Efforts are made to make Chinese text mining easier, faster, and robust to errors. Document term matrix can be generated by only one line of code; detecting encoding, segmenting and removing stop words are done automatically. Some convenient tools are also supplied.
chinese.misc NEWS and CHANGELOG
[NEW FEATURE] #1: Add a new function to convert conveniently objects among matrix, dgCMatrix, simple_triplet_matrix, DocumentTermMatrix, TermDocumentMatrix.
[BUGFIX] #1: Only some slight changes, user-invisible.
[BUGFIX] #2: scancn is modified in order to remove unicode replacement characters in texts.
[BUGFIX] #1: Now the $v of dtm created by corp_or_dtm do not have names, and is compatible with topicmodels::LDA.
[NEW FEATURE] #3: A new function dictionary_dtm is added to count term frequencies in groups.
[NEW FEATURE] #2: Now the computation work of sort_tf and word_cor is done with sparse matrix to save memory rather than first converting the object into dense matrix.
[NEW FEATURE] #1: The function word_cor now can compute up to 200 words' correlation, while the previous limit is 30.
[NEW FEATURE] #2: Users now can set their own locales in options( ) and view it by get_tmp_chi_locale( ).
[NEW FEATURE] #1: Add a new function create_ttm to generate term-term matrix.
[BUGFIX] #1: Modify the funtion scancn, but there is no user-visible change.
[NEW FEATURE] #3: Some functions temporally modify locale values internally.
[NEW FEATURE] #2: Add a new function topic_trend to compute in/decrease of topics through years.
[NEW FEATURE] #1: Add a new function word_cor to compute word correlation.
[BUGFIX] #2: This version is compatible with package tm (>=0.7), where as the function corp_or_dtm in the previous version sometimes raise error due to the update of tm.
[BUGFIX] #1: The function as.character2 is slightly modified with no user-visible change.
[NEW FEATURE] #4: The argument control in function corp_or_dtm has a new default value "auto", which calls the control list named DEFAULT_control1 in the previous version. "auto1" also points to this value. "auto2" points to the value named DEFAULT_control2 in the previous version. However, DEFAULT_control1 and DEFAULT_control2 can also be used by users.

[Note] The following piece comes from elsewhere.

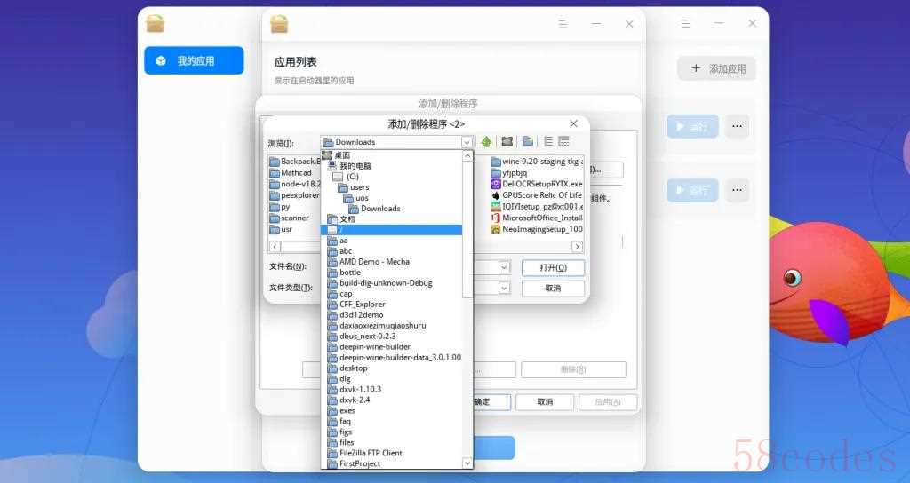- 应用卸载器, 打开 wine 自带的应用卸载器(uninstall.exe);

[NEW FEATURE] #3: The argument control in the function corp_or_dtm now differs significantly from that used by DocumentTermMatrix in package tm. Please see details in the help page of corp_or_dtm.
[NEW FEATURE] #2: The function scancn and make_stoplist now has enhanced ability to deal with unrecognizable characters.
[NEW FEATURE] #1: User-visible changes: make_stoplist, slim_text have new arguments. But the new arguments are compatible with functions in the previous version.
[BUGFIX] #2: The function as.character2(x) is changed to as.character2(...), so as to corerce multiple objects in one time. The same is done to as.numeric2(...). Accordingly, some other functions of the package and their documents are also modified.
[NEW FEATURE] #1: The url of a Chinese manual is added to "chinese.misc-package" in the English manual.
[BUGFIX] #1: The auto created objects DEFAULT_cutter, DEFAULT_control1, DEFAULT_control2 now can be directly used or modified by users.